Riemannian Flow Matching Policy for Robot Motion Learning
This work addresses robot motion learning for robotic tasks, but it is incremental as it builds on existing flow matching methods with geometric adaptations.
The paper tackled learning robot visuomotor policies by introducing Riemannian Flow Matching Policies (RFMP), which leverages flow matching for efficient training and inference, resulting in smoother action trajectories and significantly lower inference times compared to Diffusion Policies.
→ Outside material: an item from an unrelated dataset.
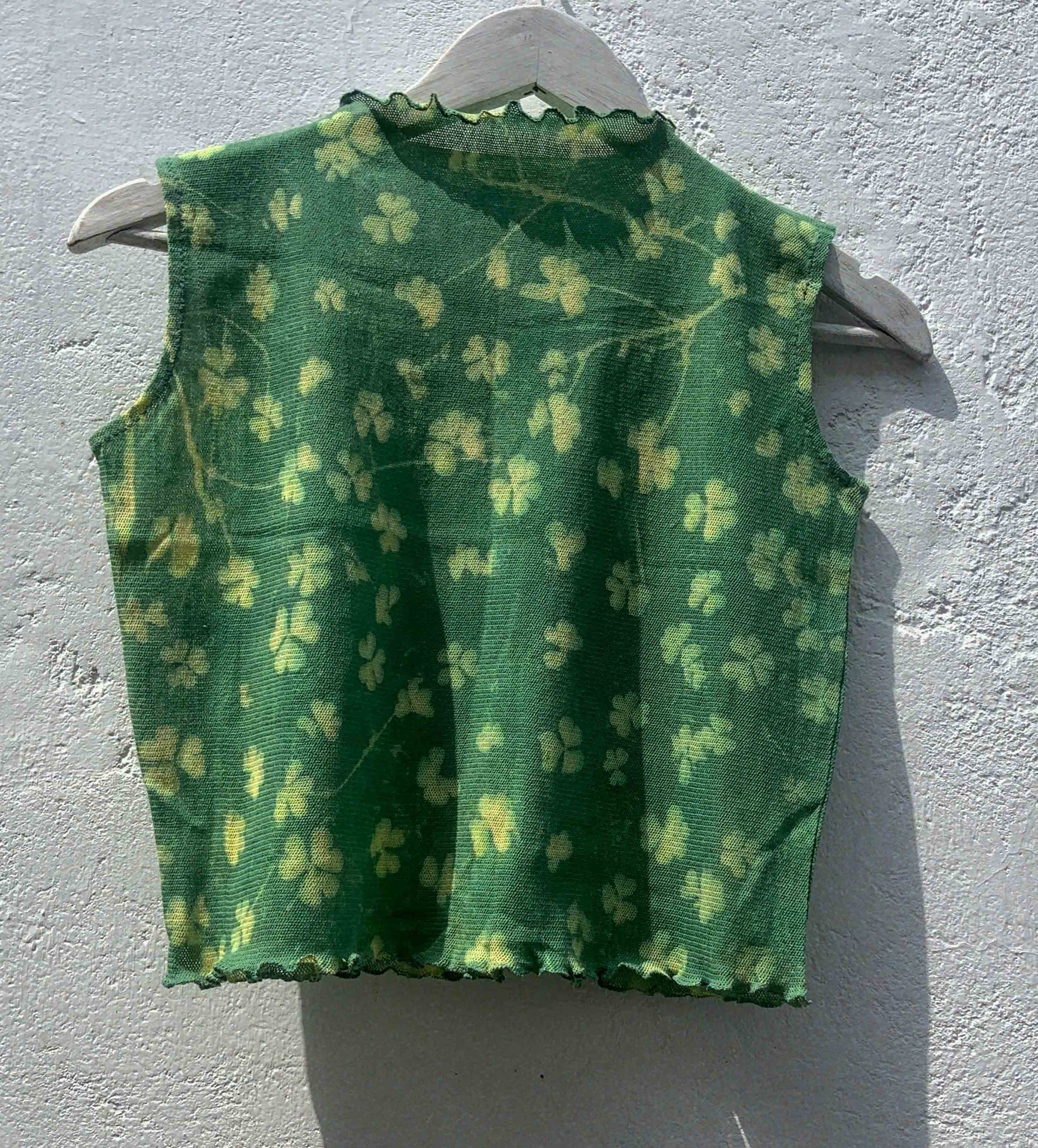 Clovers and ferns springing on this pair. The top is made in sheer and stretchy cotton knit. The pants come in a relaxed shape, both eco-printed with a bright green color, derived from mineral dyeing.

We introduce Riemannian Flow Matching Policies (RFMP), a novel model for learning and synthesizing robot visuomotor policies. RFMP leverages the efficient training and inference capabilities of flow matching methods. By design, RFMP inherits the strengths of flow matching: the ability to encode high-dimensional multimodal distributions, commonly encountered in robotic tasks, and a very simple and fast inference process. We demonstrate the applicability of RFMP to both state-based and vision-conditioned robot motion policies. Notably, as the robot state resides on a Riemannian manifold, RFMP inherently incorporates geometric awareness, which is crucial for realistic robotic tasks. To evaluate RFMP, we conduct two proof-of-concept experiments, comparing its performance against Diffusion Policies. Although both approaches successfully learn the considered tasks, our results show that RFMP provides smoother action trajectories with significantly lower inference times.